I would get a low pressure regulator...  and needle valve...

Low Pressure Regulator

Propane use needle valve


----------



## Murray (Nov 21, 2019)

Something like this?


----------



## daveomak (Nov 21, 2019)

Murray, morning....   Some sites need to be "massaged" to get them to show on the forum...
When you click on the URL next to the padlock, wrap it in this...  
	

		
			
		

		
	






 
Name the item you want to post  ...
You will end up with what I put in my post #3....


----------



## zwiller (Nov 21, 2019)

I was like you with MB gasser and contemplated the mods but on whim found a Black Friday deal for MES30 for $99 and pulled the trigger.  So happy I did and ended up selling the gasser.  BTW BJs is doing the $99 Black Friday deal this year...


----------



## Murray (Nov 21, 2019)

daveomak said:


> Murray, morning....   Some sites need to be "massaged" to get them to show on the forum...
> When you click on the URL next to the padlock, wrap it in this...
> 
> 
> ...


Thanks, I think it's fixed


----------



## EaOutlaw1969 (Nov 21, 2019)

daveomak said:


> I would get a low pressure regulator...  and needle valve...
> 
> Low Pressure Regulator
> 
> Propane use needle valve


I was thinking about a different regulator and looked at the one you provided a link for but it shows to be a high pressure regulator in the description.  It does show it will work with a variety to grills, smokers etc .


----------



## daveomak (Nov 21, 2019)

Propane is generally regulated to 11" W.C. ....  Water Column... That equates to ~ 1/2 PSI...  They don't want high pressure in your home...   Natural Gas is generally regulated from 4-7" WC...
From the chart you can see a  0.040" hole will allow for11,175 BTU...  That's at 1/2 psi....  
Any of that make sense ???


----------



## EaOutlaw1969 (Nov 21, 2019)

daveomak said:


> Propane is generally regulated to 11" W.C. ....  Water Column... That equates to ~ 1/2 PSI...  They don't want high pressure in your home...   Natural Gas is generally regulated from 4-7" WC...
> From the chart you can see a  0.040" hole will allow for11,175 BTU...  That's at 1/2 psi....
> Any of that make sense ???


The chart makes sense, however The whole what is considered low pressure vs high pressure regulator is driving me nuts. My first regulator was rated at 0-30PSI and was too sensitive trying to maintain a smoker temp at 225F but I could get my smoker main chamber up to 380F when I seasoned it but it had a blue and yellow sooty flames at all temperatures.  I went to a low pressure regulator Non adjustable with my orifice valve and now I can adjust my temperature easily and stable from very low to maxed out about 250F on a hot day but no higher.  would the 0-20 regulator you provided a link to give me both a blue clean flame plus higher temperatures so I can smoke chicken and turkey etc? or do I need a larger burner with multi zone controlled with valves plus the regulator to get get both clean stable high and low temps?


----------



## daveomak (Nov 22, 2019)

Does your low pressure regulator say what the pressure is ???   That should let you know what the variable pressure regulator will do...
May I suggest using the oven in your kitchen for higher than 250...   That's what I do...  Great temp control..


----------



## EaOutlaw1969 (Nov 22, 2019)

daveomak said:


> Does your low pressure regulator say what the pressure is ???   That should let you know what the variable pressure regulator will do...
> May I suggest using the oven in your kitchen for higher than 250...   That's what I do...  Great temp control..

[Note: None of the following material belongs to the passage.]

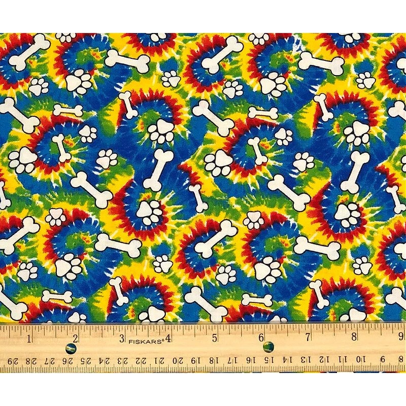 Unbranded Dog Bones and Paw Print on Tie Dye Cotton Fabric, By the Half Yard

That is what I have been doing but I would like the smoker to be capable of at minimum 350F for times when we have no power from storms or do not want to use the oven making the house hotter in the heat of the summer.  I was going to insulate the the smoker main chamber then see where it can get to before making any changes.


----------



## 96Romeo (Jan 23, 2020)

Hey guys I know this is an old thread....but i am new to the game and was reading along and have the same smoker. I am having trouble keeping a low temp and stable temp in it.  Would changing the regulator help?  Also how big off a  job is changing the regulator? What is a needle valve and what improvement would be made if I added one? Lastly how do I tell what  mycurrent regulator is?


----------



## daveomak (Jan 23, 2020)

Low pressure regulator, needle valve and modify the burner so it has 1/4 - 1/2 the number of gas holes....






















Doing that, you will still get a fairly tall flame that shouldn't flame out, and significantly reduce the heat output....

...


----------



## 96Romeo (Jan 23, 2020)

Thanks I will look into making the mods.


----------



## 96Romeo (Jan 23, 2020)

Daveomak, would this regulator combo work for what you were discussing above.


----------



## daveomak (Jan 23, 2020)

Can't see anything....


----------



## 96Romeo (Jan 23, 2020)

daveomak said:


> Can't see anything....


----------



## 96Romeo (Jan 23, 2020)

I don't know if you can see it now or not. It is from Amazon "bayou classic M5HPR-1 10psi Hose/regulator  valve assembly"


----------



## daveomak (Jan 23, 2020)

Yep....  that will work....    

Depending on the type of burner you have, plug up to 3/4 of the holes.... The holes you will be using, keep them close together so the flame will ignite successive holes and keep each other lit... it's a symbiotic thing....


----------



## 96Romeo (Jan 23, 2020)

daveomak said:


> Yep....  that will work....
> 
> Depending on the type of burner you have, plug up to 3/4 of the holes.... The holes you will be using, keep them close together so the flame will ignite successive holes and keep each other lit... it's a symbiotic thing....


Awesome thank you for your time and your help. It is much appreciated.


----------



## Againes85 (Feb 1, 2020)

96Romeo, Just did these mods myself on my master 2 door gasser. 
below is a photo of the needle valve I used. I used the stock gas line and regulator and just added the needle valve in between the orifice and gas line. I just did a run today and it works great!


----------



## 96Romeo (Feb 2, 2020)

Againes85 said:


> 96Romeo, Just did these mods myself on my master 2 door gasser.
> below is a photo of the needle valve I used. I used the stock gas line and regulator and just added the needle valve in between the orifice and gas line. I just did a run today and it works great!


Thanks.  I ended up buying one from Amazon and am going to smoke some wings this afternoon. We will see how it does with temp control.


----------